Union Says Alcatel Broke Pension Promises

     TRENTON, N.J. (CN) – A union claims in court that French telecom Alcatel-Lucent broke its collective-bargaining agreement when it moved $1.2 billion from a labor-endorsed pension plan to another retirement fund sponsored by the company.
     The money transfer essentially gives the spouses of telecom workers, who had never participated in the pension, rights to pension benefits owed to current union employees, according a lawsuit filed in New Jersey federal court by the Communications Workers of America.
     The Nov. 18 complaint says that “[b]y transferring the excess assets to these plans, the company can avoid the necessity of improving their funded status with direct company contributions.”
     The union claims the company’s actions, “effectively changed [pension plan] eligibility rules mid-contract without having bargained with CWA for such changes.”
     Adding urgency to the union’s concerns is that Alcatel is in the process of being acquired by wireless company Nokia, which today made a $16 billion offer for the company.
     Nokia announced its plans to acquire Alcatel-Lucent in April 2015. The is expected to close early next year, after which the unions will no longer have authority to question the pension transfers, the Communications Workers claim.
     The union seeks declarative and injunctive relief in the form of a court order forbidding the funds transfers or the shift of pension participants between pension plans.
     Alcatel has changed its pension plan several times over the years. The company’s initial pension plan, created in 1966 and which provides retirement benefits to Alcatel’s retired managers and vested former employees, was frozen in 2009.
     The company in 1997 created another pension plan for other employees, but the plan was split at the end of 2005, thereby creating a new plan just for retirees and deferred vested employees. Included in the pension plans was a company obligation to pay all health expenses for employees who retired prior to March 1990.
     As part of a 2004 labor agreement with the CWA and other unions, Alcatel agreed to maintain the pensions and health benefit guarantees through 2019.
     However, on Sept. 14, 2015, the company announced it was going to shake up the pension plans. The plan, as outlined in the lawsuit, would transfer thousands of former electrical employees to the initial pension plan and 900 surviving spouses to retiree pension plan.
     As a result of the shift, Alcatel planned to transfer $3 billion to the old pension plan, which was $1.2 billion more than necessary to cover the transferees’ benefits. The amount transferred to cover the 900 spouses was also too large, about $26 million more than necessary, the lawsuit alleges.
     Alcatel has stated it has the authority to transfer the money and that the transfers cannot be challenged by unions via arbitration.

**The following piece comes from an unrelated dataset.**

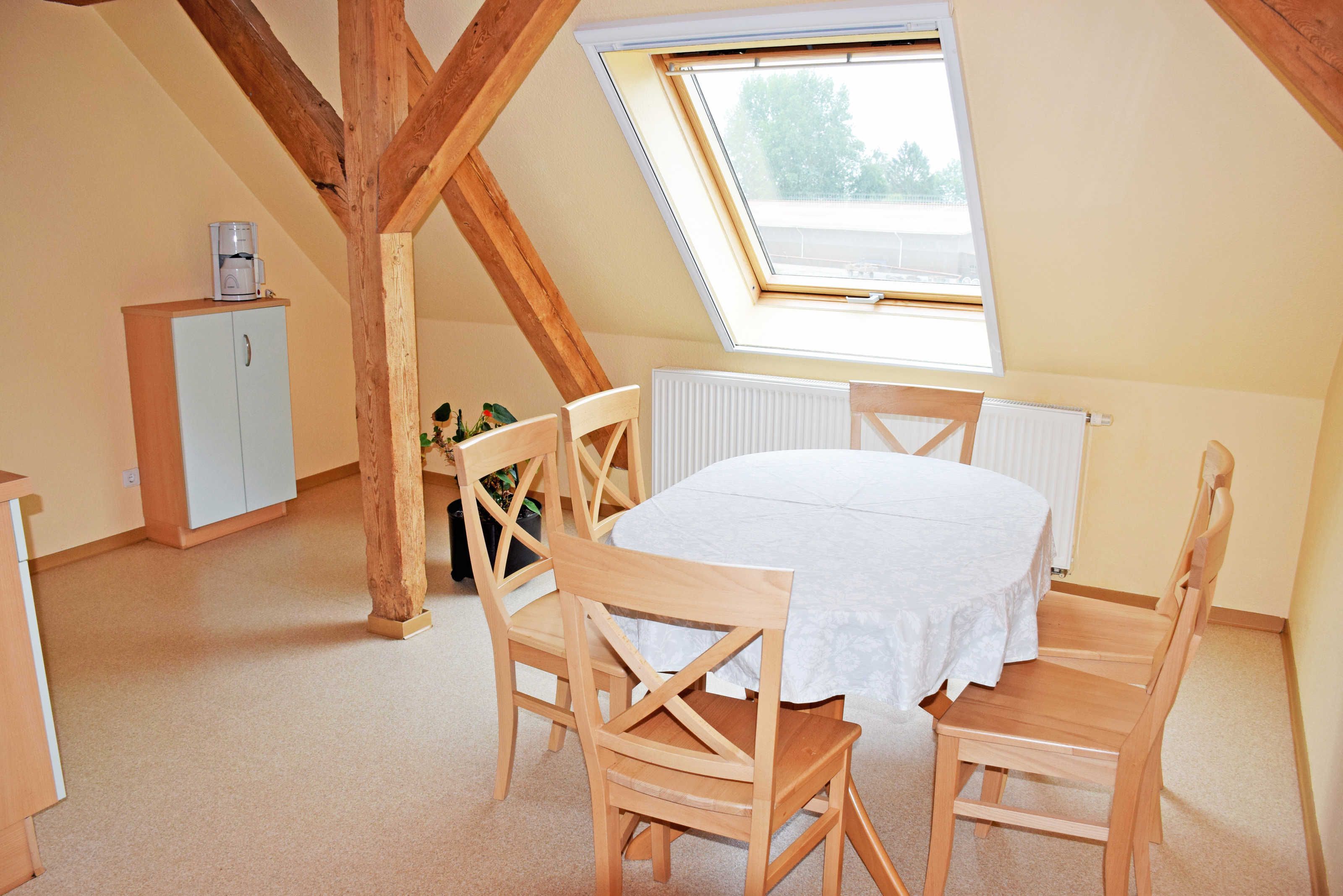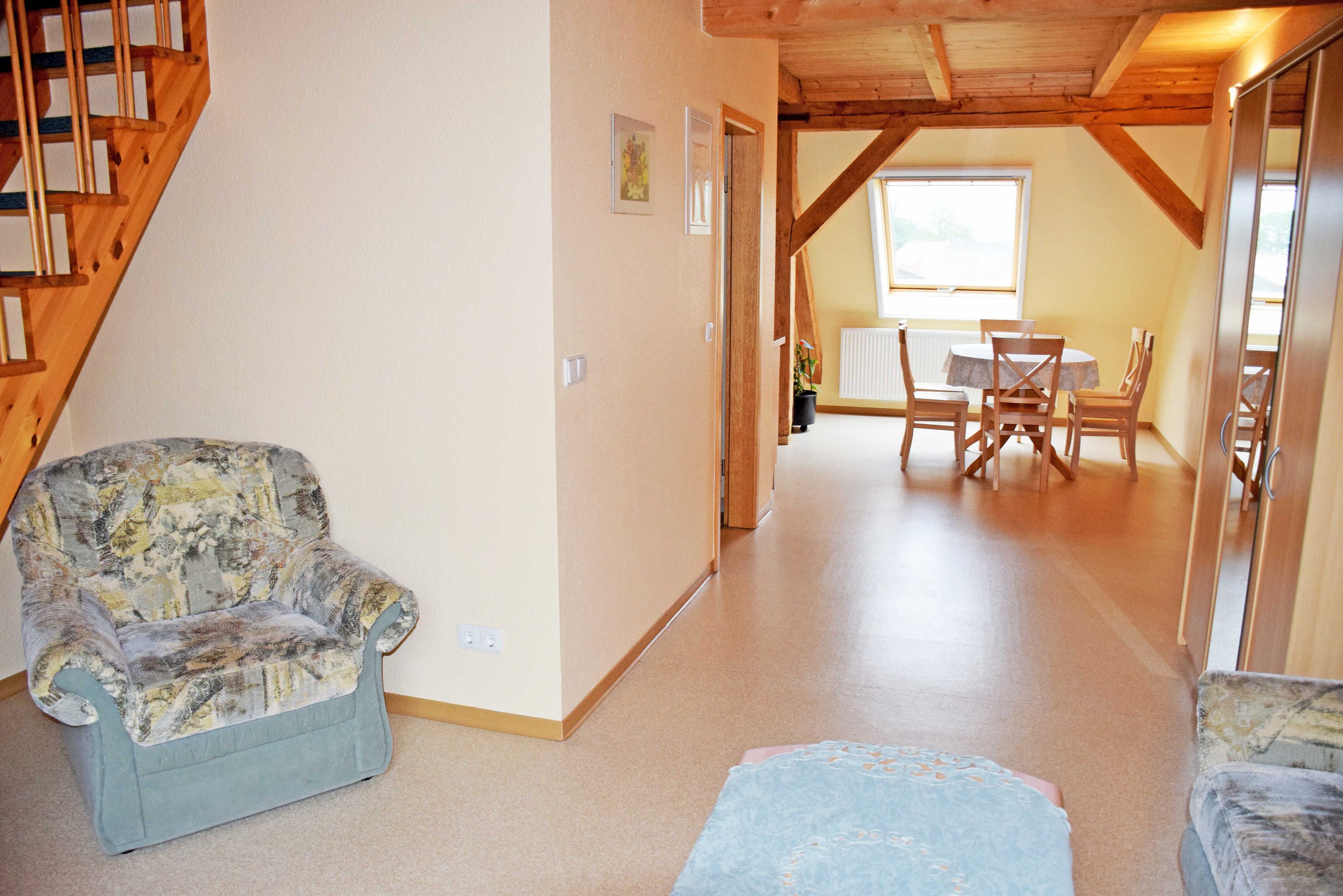 Unsere Ferienwohnung IV liegt im Obergeschoss eines Wohnhauses und ist über einen separaten Eingang zu erreichen. Sie ist ca. 62 qm groß, hat Platz für maximal 5 Erwachsene und 1 Kind im Kinderreisebett bis 3 Jahre. Die Wohnung wurde modern und komfortabel eingerichtet und verfügt über einen WLAN-Internetanschluss.

The company’s third-quarter 2015 earnings report stated that it expected a pension surplus for U.S. retirees of $500 million after it made a lump-sum payment to certain plan members.
     An Alcatel spokesperson could not be reached for comment.
     The lawsuit also names company Chairman Philippe Camus, CEO Michel Combes, board member Jean Monty, and Director of Pension Plan Operations Susan Lear as defendants.
     Alcatel-Lucent was formed in 2006 when Alcatel and AT&T spinoff company Lucent Technologies merged. Wireless company Nokia in April announced its intentions to acquire Alcatel-Lucent, which received regulatory approval, and today it commenced its share-exchange offer for $16.6 billion.